WMKG-CD (channel 31) is a low-power, Class A television station in Muskegon, Michigan, United States, owned by WMKG-TV, LLC. The station's studios are located on Airline Road in Norton Shores near the junction of I-96 and US 31.

==History==
The station was founded by Bud Kelley and his family in 1989 as 'TV Channel 40', with the call sign W40AK. It first went on the air on April 1, 1990, at 5:30 pm, originally broadcasting on channel 40. The call letters were changed to WMKG-LP in 1995. It moved to channel 38 in 2004. In September 2006, Comcast cable dropped the station from its analog channel lineup to allocate more bandwidth for video on demand services. Currently, the station is available on digital cable and broadcasting on 49, but displayed virtual channel 38 until that system malfunctioned; it then used channel 49 for display of its channels.

The station held the LP calls until October 2009, when it acquired Class A status to become WMKG-CA. Despite the station's low-power status, its location near Lake Michigan assures amplification of their signal across the lake into the Milwaukee market within the Port Washington and Sheboygan areas (Milwaukee itself is served by low-power station WTSJ-LD on channel 38). The station was issued its license for digital operation on October 10, 2014, at which point it changed its call sign to WMKG-CD.

The station has had several minor network affiliations throughout its history, and currently affiliates with The Family Channel; this is a duplicative affiliation within the Grand Rapids market, as WLLA (channel 64) also carries that network over their main subchannel.

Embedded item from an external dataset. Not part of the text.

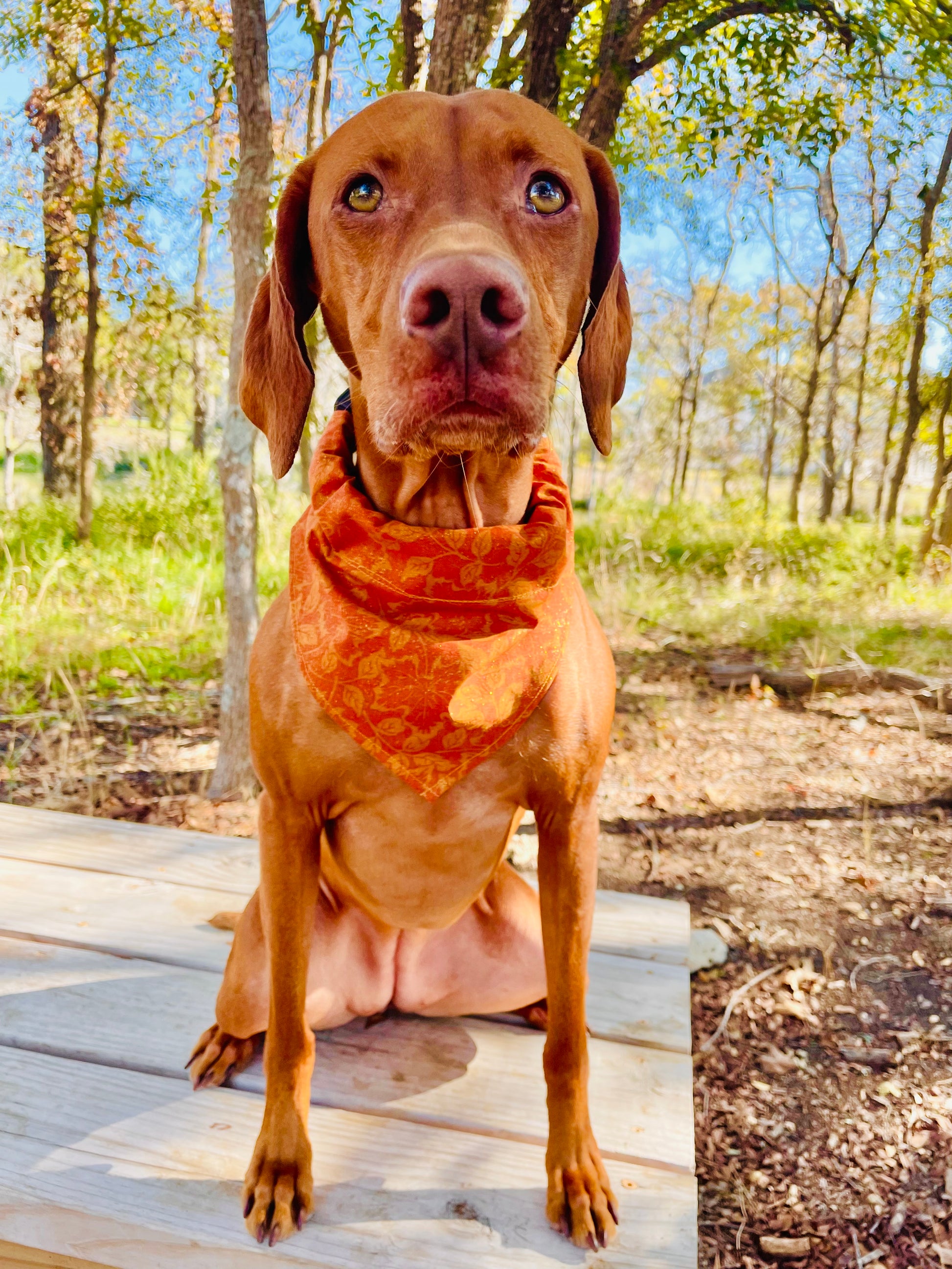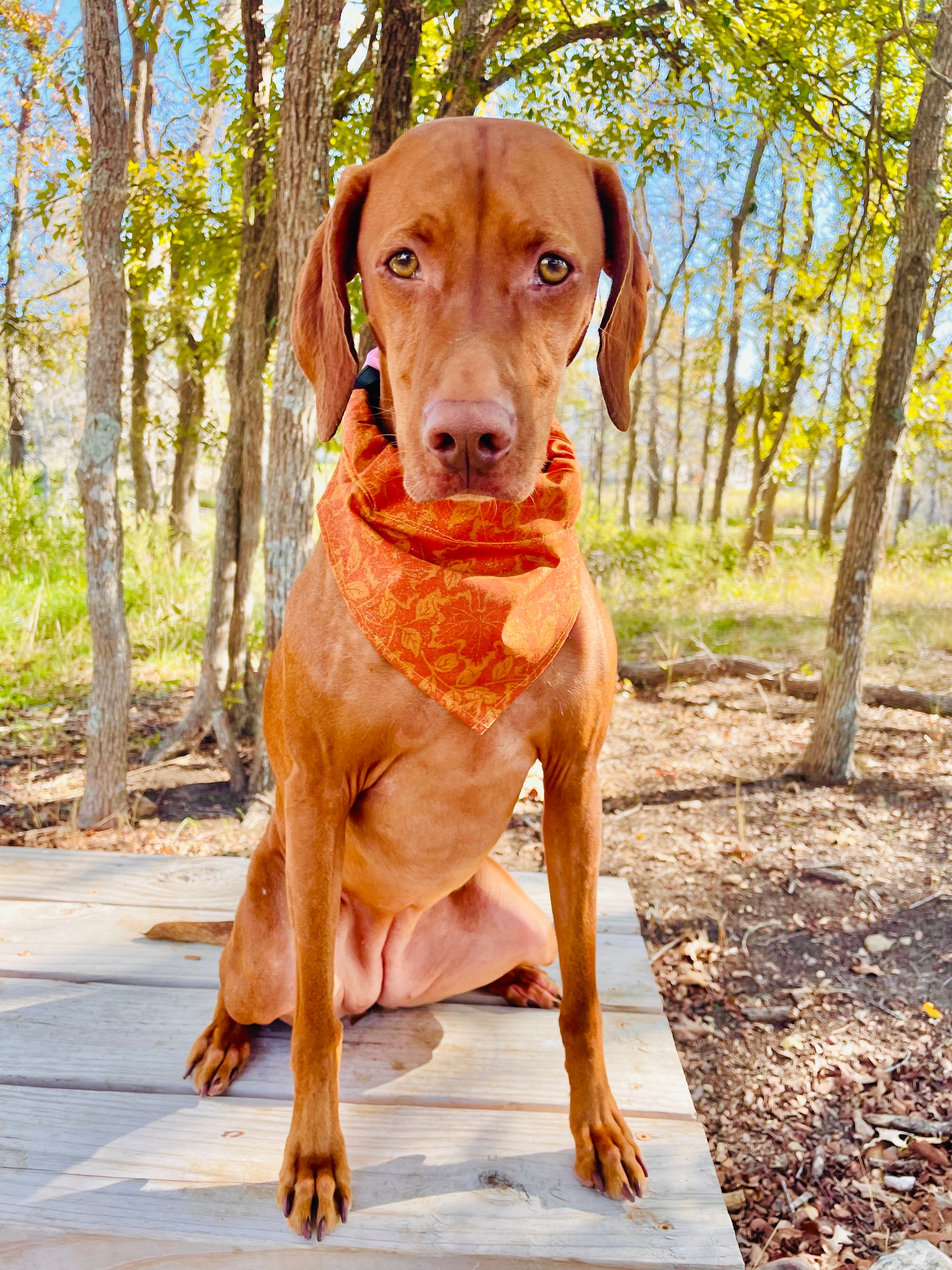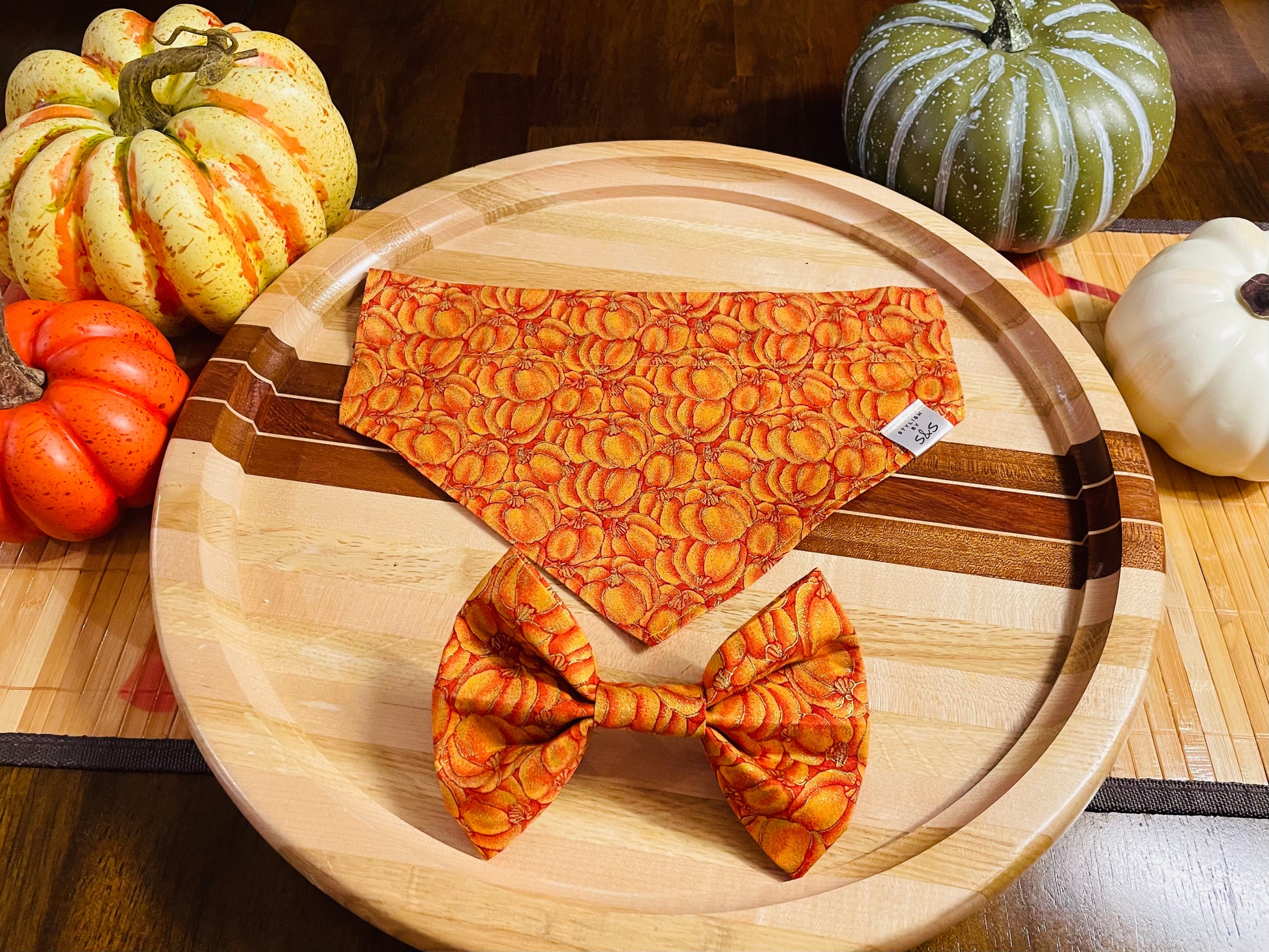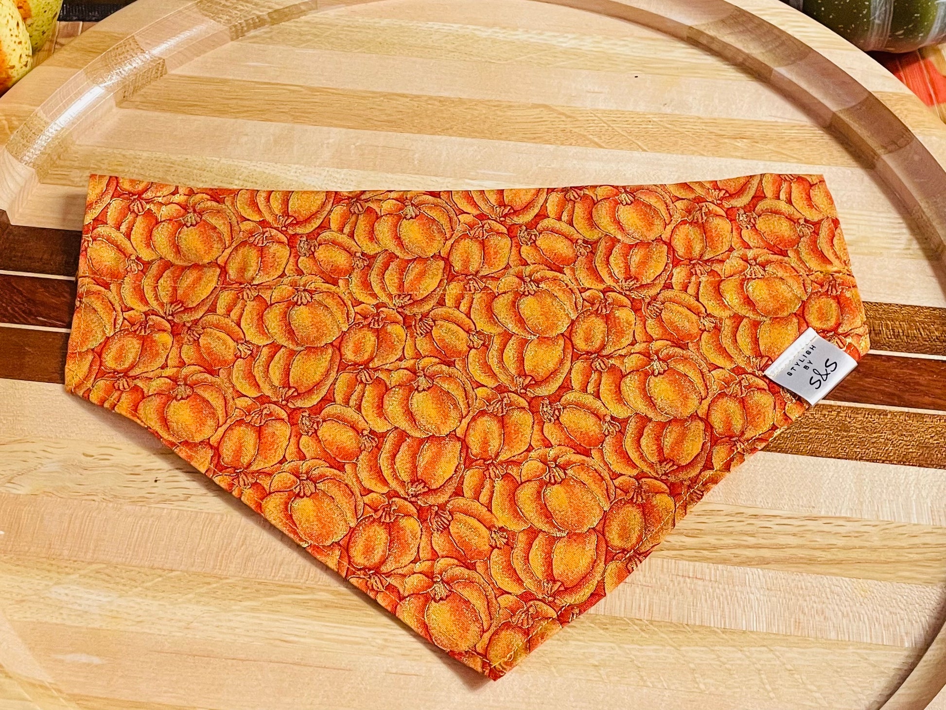 This one of a kind vintage print features shimmering Fall leaves. Matching bow tie available. Bandana sold in slide over the collar and tie around styles.

According to an MLive.com article dated December 25, 2016, "Channel 49.1—channel 397 on cable—broadcasts family-oriented shows and Muskegon programs including churches and square dancing. Channel 49.2 broadcasts religious music. Channel 49.3 shows movies. Channel 49.4 has a western theme."

==Original programming==
The station has produced original programming from the start. Programs include Dial A Bargain, a show where a viewer calls in for gift certificates, and Muskegon Today, a local program dealing with issues involving the city. Other programs include Table Talk, The Doorstop Nation, and TV BINGO.

For most of its history, the station also had a local newscast airing at 5:30 pm. However, it is no longer on the air.

==Station sale after a decade==
In October 2007, Kelley Enterprises put the station up for sale, including the license and equipment, citing that the owner is retiring and has plans to move south. As of 2008, the station's license is still in Kelley's name, per FCC records. Late 2009 the station was sold to BAG LLC of New York and the sale was approved by the FCC., but BAG LCC of New York failed to show up to the closing. In 2009 the station was placed back on the market. In December 2016, the station was for sale on Craigslist; the owner was quoted by MLive.com as saying "It's past my retirement time."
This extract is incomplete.